## WHAT IS BEING ASKED
Print, word for word, the opening line of the data below and every line after it through the line that contains "Мужская рубашка Casa", but not the pictures.

## RAW DATA
=== Begin Enclosure ===

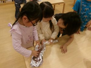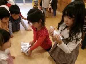 乾いたお芋をアルミホイルで巻いて、焼き芋会まで楽しみに待っていました。
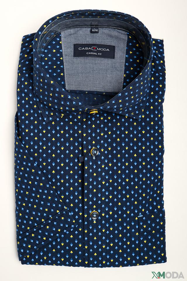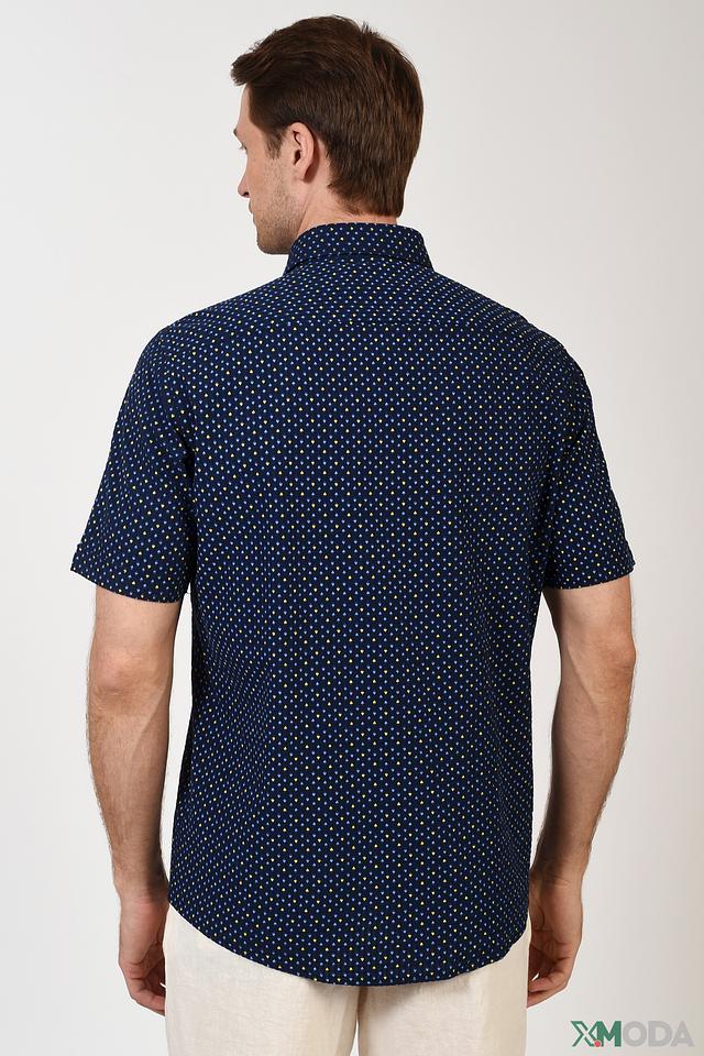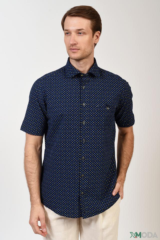 Мужская рубашка Casa Moda темно-синего цвета с коротким рукавом, украшенная мелким принтом в виде горошка. Изготовлена из 100% хлопка, обеспечивающего комфорт и воздухопроницаемость. Состав: хлопок 100%
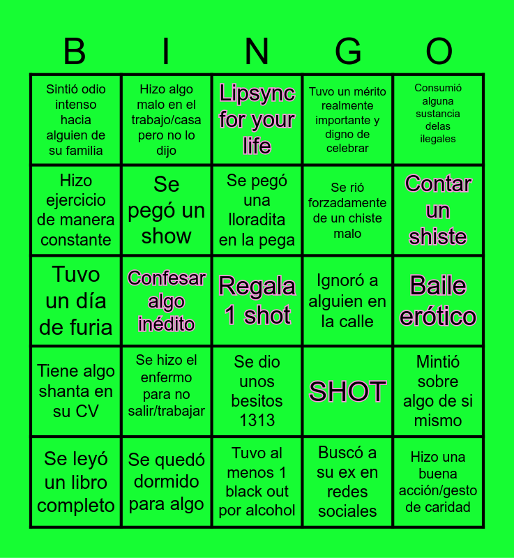 This bingo card has 25 words: Se hizo el enfermo para no salir/trabajar, Tuvo al menos 1 black out por alcohol, Se pegó una lloradita en la pega, Se leyó un libro completo, Consumió alguna sustancia delas ilegales, Sintió odio intenso hacia alguien de su familia, Hizo ejercicio de manera constante, Hizo algo malo en el trabajo/casa pero no lo dijo, Ignoró a alguien en la calle, Se dio unos besitos 1313, Se rió forzadamente de un chiste malo, Tuvo un día de furia, SHOT, Mintió sobre algo de si mismo, Se pegó un show, Hizo una buena acción/gesto de caridad, Baile erótico, Lipsync for your life, Contar un shiste, Confesar algo inédito, Regala 1 shot, Se quedó dormido para algo, Tiene algo shanta en su CV, Tuvo un mérito realmente importante y digno de celebrar and Buscó a su ex en redes sociales.

=== End Enclosure ===

## TASK OUTPUT
 乾いたお芋をアルミホイルで巻いて、焼き芋会まで楽しみに待っていました。
 Мужская рубашка Casa Moda темно-синего цвета с коротким рукавом, украшенная мелким принтом в виде горошка. Изготовлена из 100% хлопка, обеспечивающего комфорт и воздухопроницаемость. Состав: хлопок 100%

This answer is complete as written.